Thursday 3/11/16 The Age
The announcement that Hazelwood power station is to close next year is understandably distressing to many in the Latrobe Valley. This distress is well founded. Although the announcement was predicted for many years, state and federal governments have done essentially nothing over the past five years to ensure a smooth and gradual transition for the people of the Latrobe Valley away from coal and into other jobs.
Although there is still time for that to happen, governments and Hazelwood's owner, Engie, will have to work rapidly and with strong commitment to ensure the community is properly supported into the next phase. However, despite the anxiety and disruption to the local community the retirement of Hazelwood may cause, there is a very large benefit whose impact will be felt immediately – the health benefit.
People that live within 50 kilometres of coal-fired power stations face a risk of premature death as much as 3-4 times that of people living further away. Coal-fired power stations emit a range of toxic substances that have serious impacts on the communities that live near them.
Australia's National Pollutant Inventory reveals that the Hazelwood, Yallourn and Loy Yang A and B power stations – which are all located in the Latrobe Valley – emitted more than 4 million kilograms of dangerous fine particle pollution (PM2.5), 79 million kilograms of nitrous oxides and 122 million kilograms of sulfur dioxide in 2014–15. All three of these pollutants are extremely harmful to health, causing and worsening a range of medical conditions such as asthma, respiratory problems, heart attack, and cancer. Children and elderly people are particularly affected. Although some pollutants such as fine particle pollution can travel great distances, it is the local community that suffers the worst.
The Latrobe Valley has for decades and continues to bear an unfair burden for generating electricity from which the whole of Victoria benefits. Two per cent of Victoria's population live in the Latrobe Valley, and yet they bear the health burden of generating 85 per cent of Victoria's electricity from old dirty coal-fired power stations. While many have benefited from the jobs and the community that the power stations have generated, it comes with a heavy price.
Some believe the health impacts from power stations can't be that bad because governments assert pollution levels are acceptable. They need to be quickly disabused of that notion. Regulation of air pollution in Australia is not set at a level which properly protects the health of communities. Australia has national air pollution standards, however they are mired with problems. Standards reflect a lowest common denominator approach, because in practice they result from political negotiations between state and territory governments that are trying to protect their industries.
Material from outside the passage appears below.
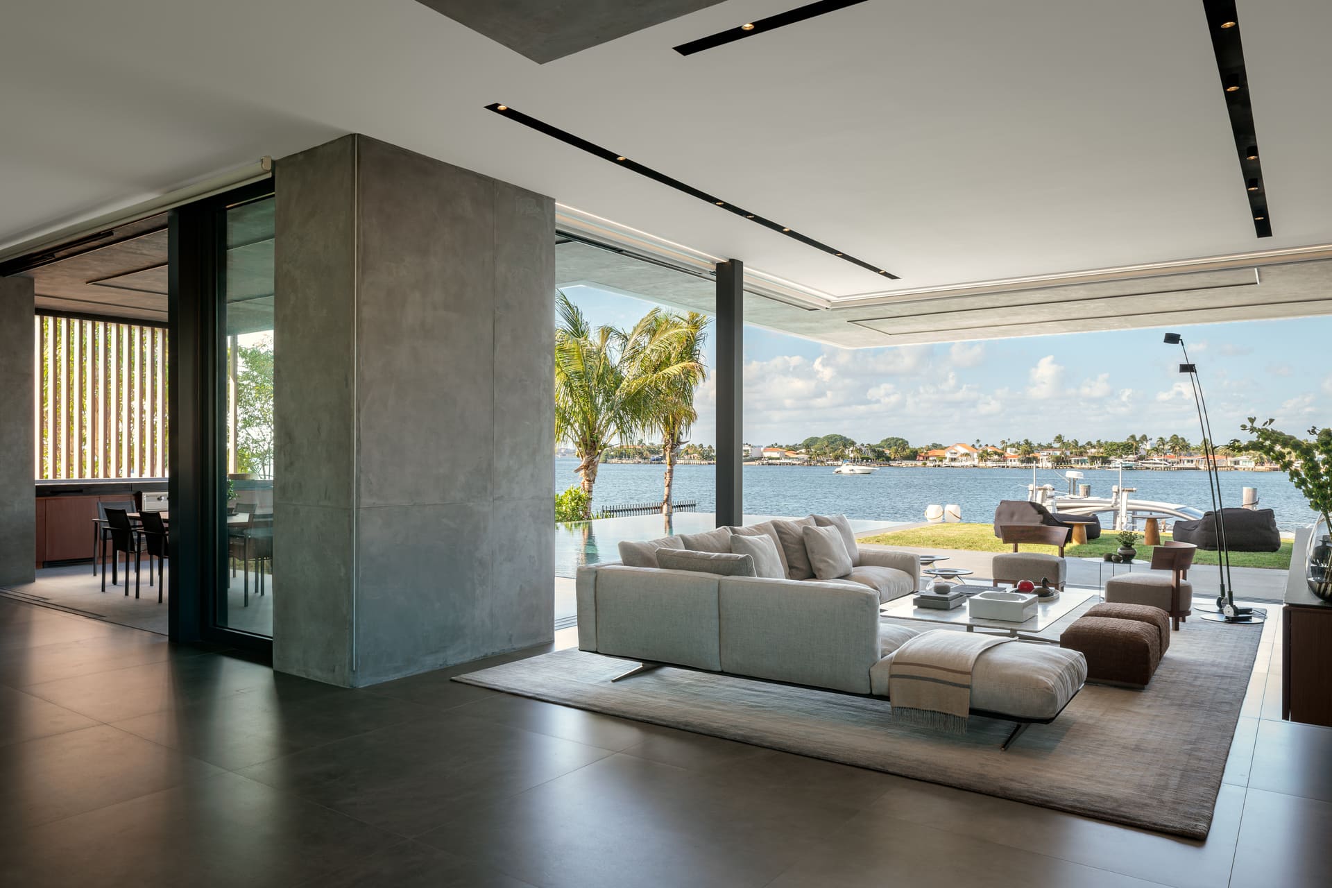 According to Elizabeth Starr, AIA, Partner at STRANG, “This Miami Beach residence reflects the client’s aesthetic sensibilities and appreciation for modernism and minimalism, while thoughtfully responding to its coastal location, the challenges of sea-level rise, and the evolving landscape of the area.” The statement highlights the project’s attempt to reconcile architectural clarity with environmental realities increasingly central to South Florida design.

The government body responsible for administering the national standards – the National Environment Protection Council – admitted in 2011 that the standards are not meeting the requirement for adequate protection of human health. Even once standards are agreed to by all jurisdictions, states do not have to implement them into their pollution regulation. This has resulted in different levels of protection for different pollution affected communities across Australia, not one of which is adequate for human health.
Even the International Energy Agency, a relatively conservative body that is made up of the key energy-producing and consuming countries around the world, has recognised the severe health impacts from coal-fired power generation and recommended switching to renewables. In a report released this year it noted that in developed countries such as Australia, pollution from coal-fired power is one of the top two biggest air pollution killers.
It stated that without significant new regulation, pollution from energy generation in most countries will continue to rise, resulting in more deaths. It recommended that inefficient old power stations be closed, and that stringent pollution limits be imposed on all remaining power stations. Importantly though, the IEA stated that the simplest way to tackle air pollution is to not produce the pollutants in the first place – by switching to renewables.
Ultimately, there is no safe level of exposure to many of the pollutants released from coal-fired power stations such as fine particle pollution. If we continue to use coal to generate electricity we will continue to create toxic pollution which kills local communities. There is no technology that can be applied to coal to avoid that.
However, each tonne of pollutants that is avoided can have immediate and long-term health benefits. There are numerous examples from around the world that show health improvements within days of a reduction in air pollution – asthma and bronchitis attacks in children reduce, hospital visits decrease, heart attacks lessen. Over time, long-term illnesses should reduce as well – cancer rates, new cases of asthma, respiratory disease.
The long-term health study set up in the Latrobe Valley after the devastating Hazelwood mine fire to monitor the fire's long-term effects on the community may reveal some of these benefits once Hazelwood closes.
So while the closure of Hazelwood will cause justifiable anxiety and uncertainty in the Valley, it will also lead to less illness, less hospitalisation, less premature death. It will result in a healthier community which is better able to participate in the next phase of the Valley's future – one that is not dependent on old polluting technology for its success and prosperity.
There is an opportunity now to remedy the injustice from pollution impacts that the Valley has borne for decades by making sure that a just transition plan is quickly but thoughtfully developed, one that will not only assist the workers directly affected, but also transition the Valley to a healthy and sustainable economy.
Nicola Rivers is a lawyer and Director of Advocacy and Research with Environmental Justice Australia.